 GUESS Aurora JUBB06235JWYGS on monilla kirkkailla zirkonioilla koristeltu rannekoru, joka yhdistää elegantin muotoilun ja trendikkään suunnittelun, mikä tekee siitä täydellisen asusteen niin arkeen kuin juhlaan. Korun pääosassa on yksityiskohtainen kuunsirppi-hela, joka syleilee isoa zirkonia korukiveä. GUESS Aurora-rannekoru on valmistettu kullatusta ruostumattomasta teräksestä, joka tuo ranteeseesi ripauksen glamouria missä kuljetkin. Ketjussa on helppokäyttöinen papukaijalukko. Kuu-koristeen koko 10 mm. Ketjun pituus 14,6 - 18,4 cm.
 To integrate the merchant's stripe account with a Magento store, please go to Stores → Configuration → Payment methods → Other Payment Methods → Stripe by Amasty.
...
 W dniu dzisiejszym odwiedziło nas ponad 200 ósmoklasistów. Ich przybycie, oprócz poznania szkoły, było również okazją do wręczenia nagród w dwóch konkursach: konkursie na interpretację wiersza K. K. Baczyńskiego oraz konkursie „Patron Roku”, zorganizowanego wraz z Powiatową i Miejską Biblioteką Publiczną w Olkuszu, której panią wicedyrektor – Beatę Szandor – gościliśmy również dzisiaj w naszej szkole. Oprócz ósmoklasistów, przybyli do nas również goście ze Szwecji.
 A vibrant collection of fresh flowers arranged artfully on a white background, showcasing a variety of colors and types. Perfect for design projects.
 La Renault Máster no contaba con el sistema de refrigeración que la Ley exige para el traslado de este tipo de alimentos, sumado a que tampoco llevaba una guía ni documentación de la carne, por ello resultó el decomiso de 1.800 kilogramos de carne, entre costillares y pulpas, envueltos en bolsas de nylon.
==
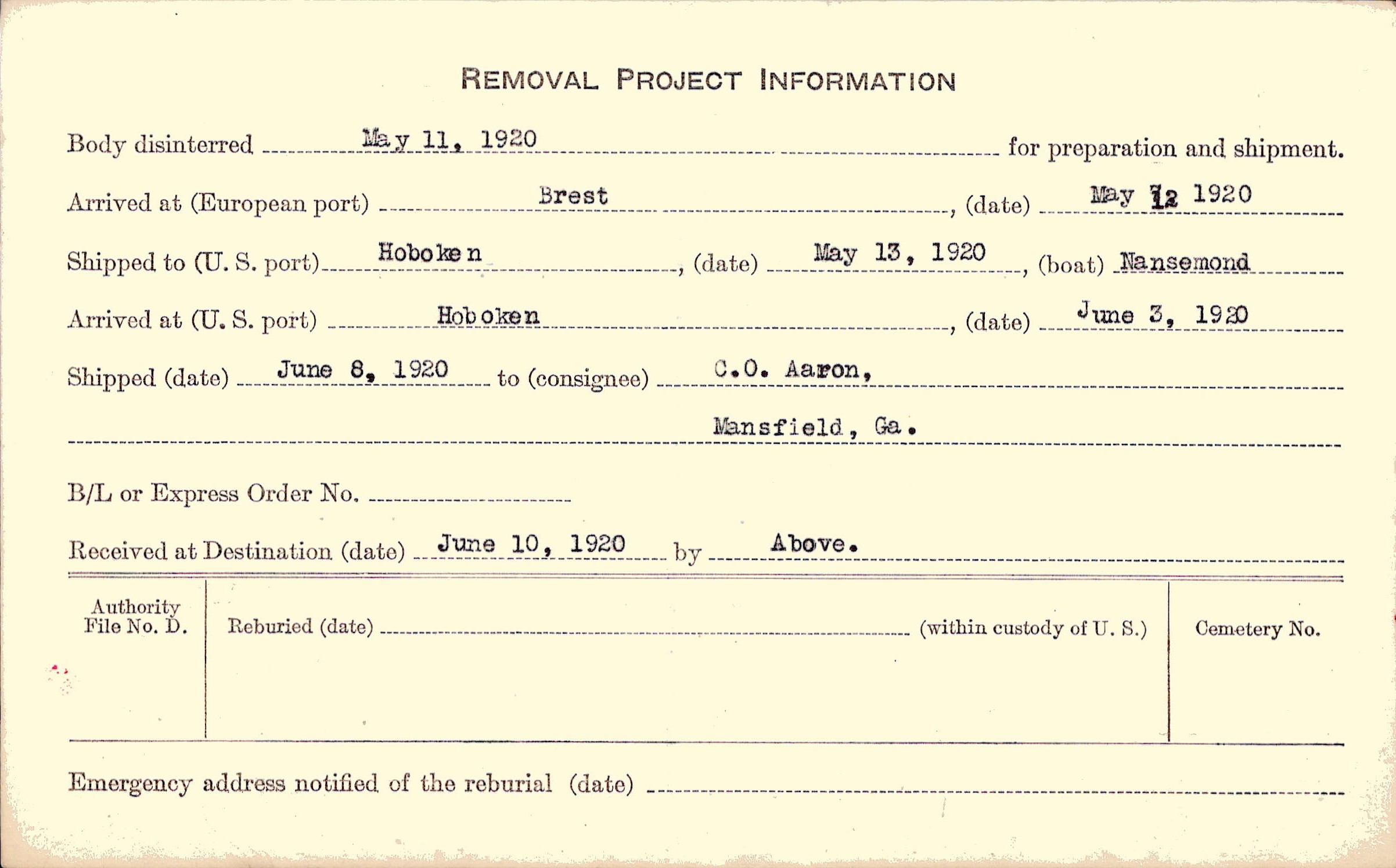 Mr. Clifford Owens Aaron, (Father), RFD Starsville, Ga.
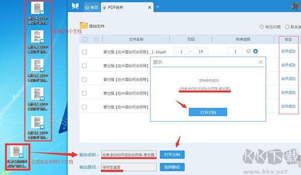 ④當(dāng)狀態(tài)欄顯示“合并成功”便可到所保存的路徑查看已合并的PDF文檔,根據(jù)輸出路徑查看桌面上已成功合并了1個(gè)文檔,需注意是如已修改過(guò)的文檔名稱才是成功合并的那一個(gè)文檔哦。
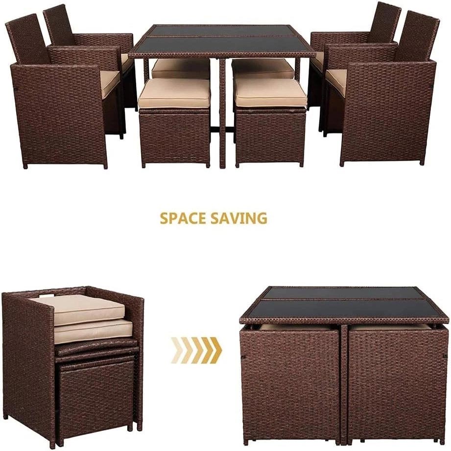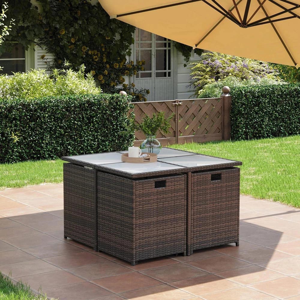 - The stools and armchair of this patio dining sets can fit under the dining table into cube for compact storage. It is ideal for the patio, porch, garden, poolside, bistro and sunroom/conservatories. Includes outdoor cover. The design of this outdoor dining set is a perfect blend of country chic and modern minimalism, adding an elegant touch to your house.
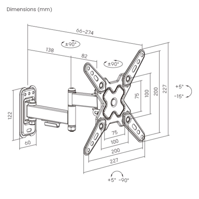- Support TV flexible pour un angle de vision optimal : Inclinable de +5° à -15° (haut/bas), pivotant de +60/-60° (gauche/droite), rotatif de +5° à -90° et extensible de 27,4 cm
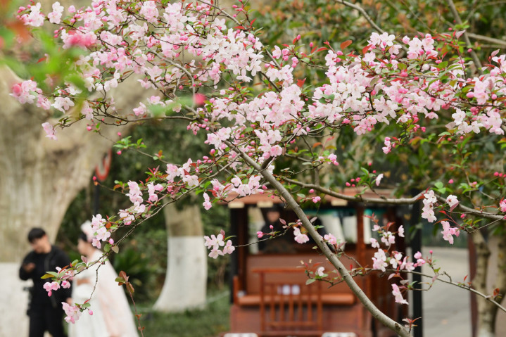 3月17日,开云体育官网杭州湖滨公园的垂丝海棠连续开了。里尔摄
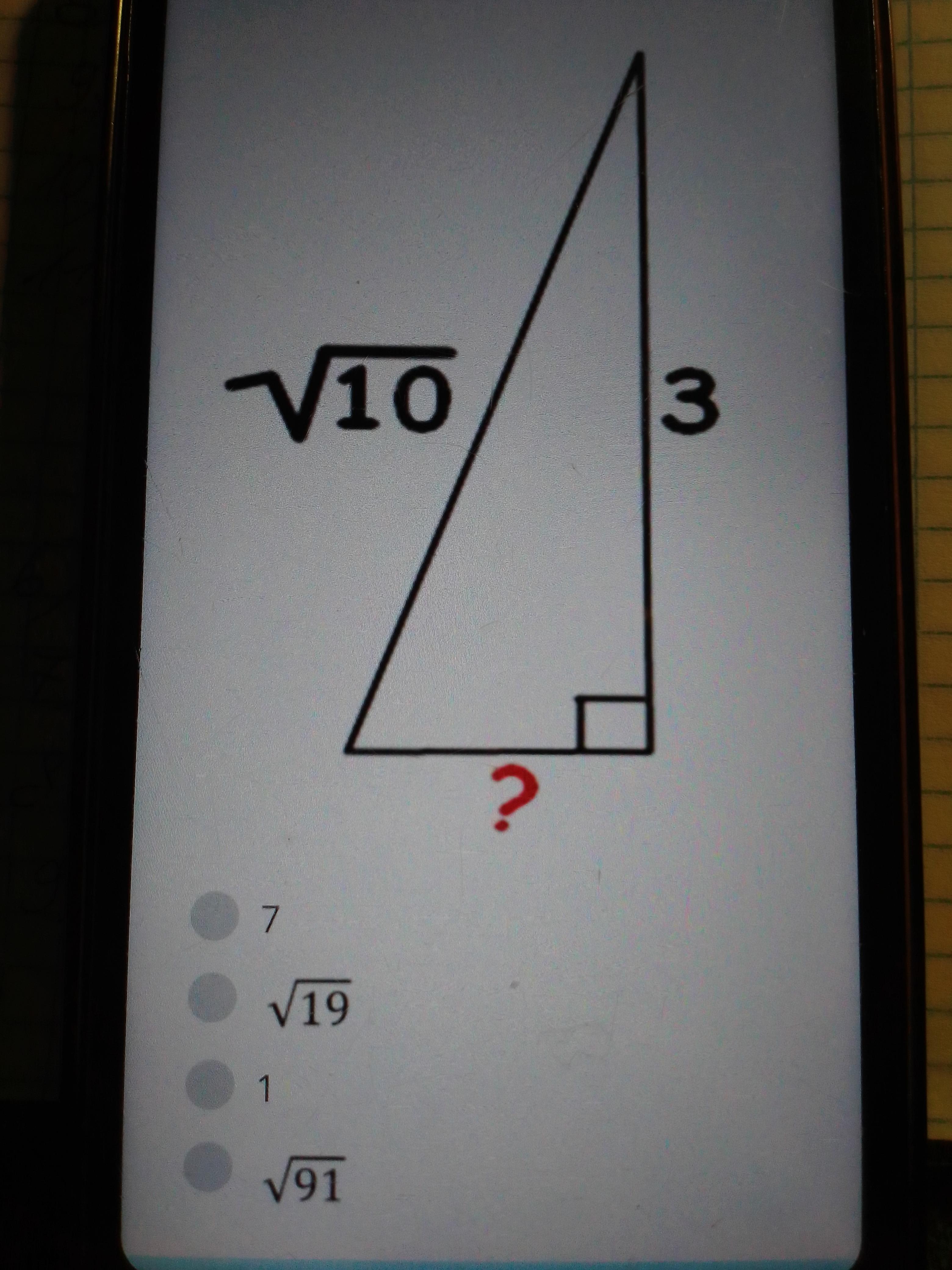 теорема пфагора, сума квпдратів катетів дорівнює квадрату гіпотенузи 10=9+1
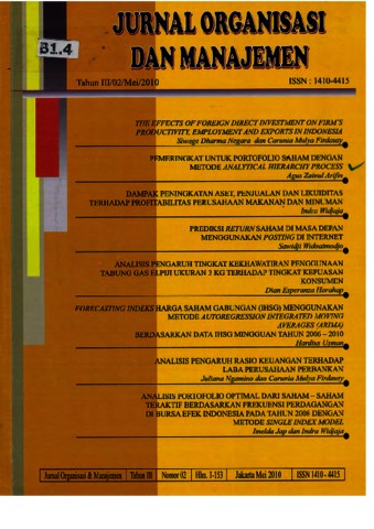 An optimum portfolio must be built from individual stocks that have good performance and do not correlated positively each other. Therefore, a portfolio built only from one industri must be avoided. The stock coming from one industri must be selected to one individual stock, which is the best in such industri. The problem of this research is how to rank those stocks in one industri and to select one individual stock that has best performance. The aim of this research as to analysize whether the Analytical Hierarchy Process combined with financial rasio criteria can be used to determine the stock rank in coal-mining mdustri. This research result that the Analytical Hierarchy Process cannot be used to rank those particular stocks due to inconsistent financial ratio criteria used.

## What the task requires
Output should match, line for line, the stretch of the material above from the line holding "A vibrant collection" through the line holding "La Renault Máster".

## Solution for this problem
 A vibrant collection of fresh flowers arranged artfully on a white background, showcasing a variety of colors and types. Perfect for design projects.
 La Renault Máster no contaba con el sistema de refrigeración que la Ley exige para el traslado de este tipo de alimentos, sumado a que tampoco llevaba una guía ni documentación de la carne, por ello resultó el decomiso de 1.800 kilogramos de carne, entre costillares y pulpas, envueltos en bolsas de nylon.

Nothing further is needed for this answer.